Kapitan reprezentacji Polski po Euro U-21: Przepraszamy, zawaliliśmy!

2017-06-24 4:00

Zero celnych strzałów na bramkę, brak pomysłów na grę. Reprezentacja Polski U-21 w kompromitującym stylu przegrała z Anglią w Kielcach (0:3) i pożegnała się z mistrzostwami Europy. - Przepraszamy wszystkich kibiców - kaja się kapitan Tomasz Kędziora (23 l.).

A miało być tak pięknie... Przed mistrzostwami kadrowicze otwarcie mówili, że celem jest złoto. Rzeczywistość brutalnie to zweryfikowała - zajęli ostatnie miejsce w grupie A. Polacy w każdym meczu byli słabsi od rywali. Jedyny punkt zdobyli tylko dzięki powiewowi ambicji przeciwko Szwecji (2:2). Spotkanie z Anglią (0:3) to już tylko czarna rozpacz.

- Zespół angielski pokazał taką grę, że trudno było nam się przeciwstawić - przyznaje Kędziora. - Byliśmy od nich słabsi, przygaszeni. Anglicy zaskoczyli nas szybko zdobytą bramką. Musieliśmy walczyć, ale nie stwarzaliśmy żadnych sytuacji. Nie wiem, w czym tkwił problem. Jesteśmy rozczarowani. Chcieliśmy osiągnąć więcej w tym turnieju niż zdobycie jednego punktu. Mogę tylko przeprosić kibiców, bo nas bardzo wspierali. Nie spodziewałem się tak wspaniałego dopingu w Lublinie i Kielcach.

Kędziora, choć przygaszony, to starał się szukać jakichś pozytywów. I jeden, o dziwo, znalazł.

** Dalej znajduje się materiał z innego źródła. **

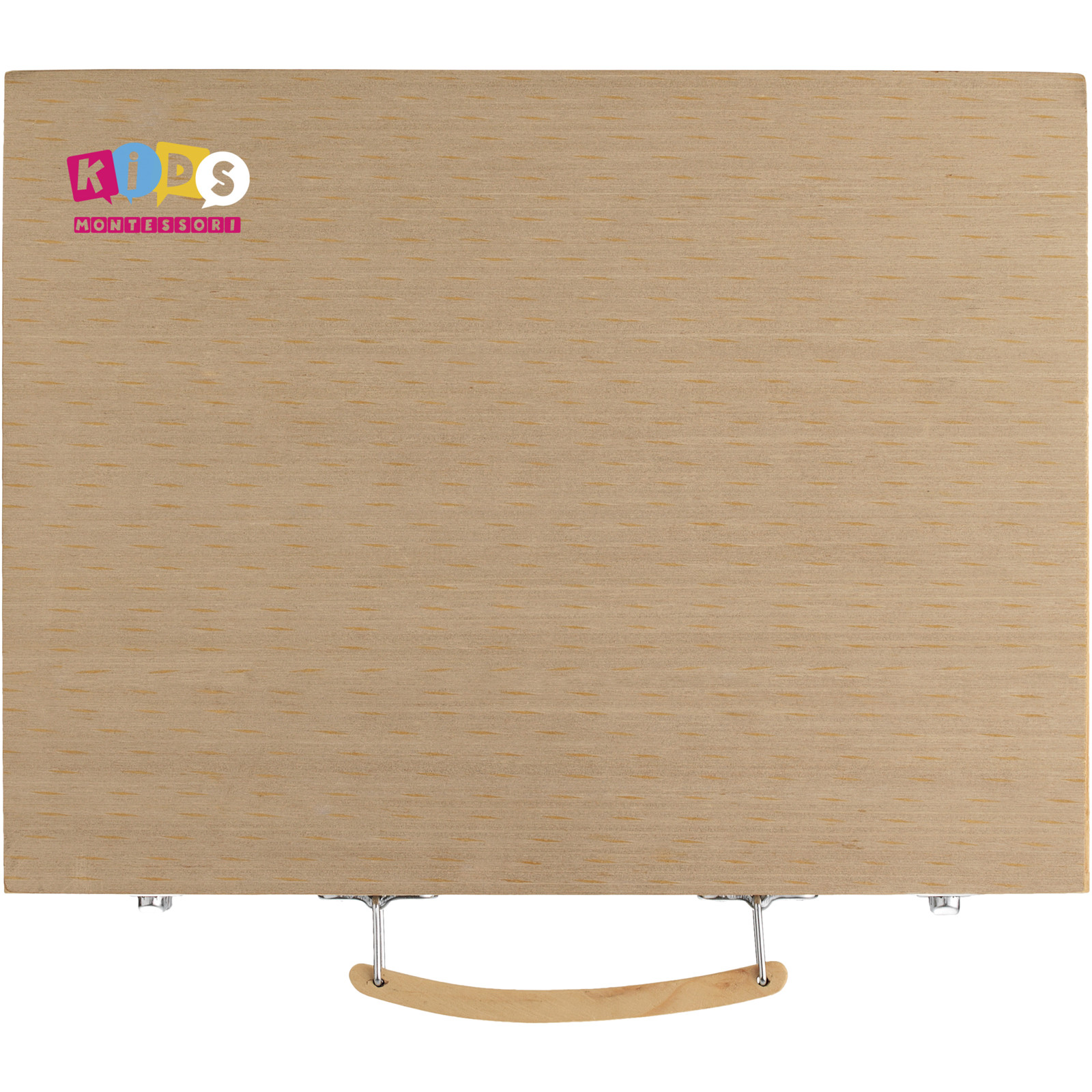 Set aus 12 Wassermalfarben, 12 Farbstiften, 12 Malstiften, 12 Öl Pastellfarben, 12 Malkreiden, Paletten, Kleber, Radierer, Spitzer, HB Bleistift und Pinsel in einem Holzkasten.

- Jedyny minimalny plus, że w trzecim spotkaniu wciąż graliśmy o coś. Dla mnie czy chłopaków z roczników '94 i '95 to koniec gry młodzieżowej, ale dla młodszych będzie to procentowało - podkreśla Kędziora.

Biało-Czerwoni byli o dwie klasy gorsi od Anglików. Przegrywali niemal każdy pojedynek biegowy czy siłowy. Ustępowali technicznie, taktycznie. To była przepaść.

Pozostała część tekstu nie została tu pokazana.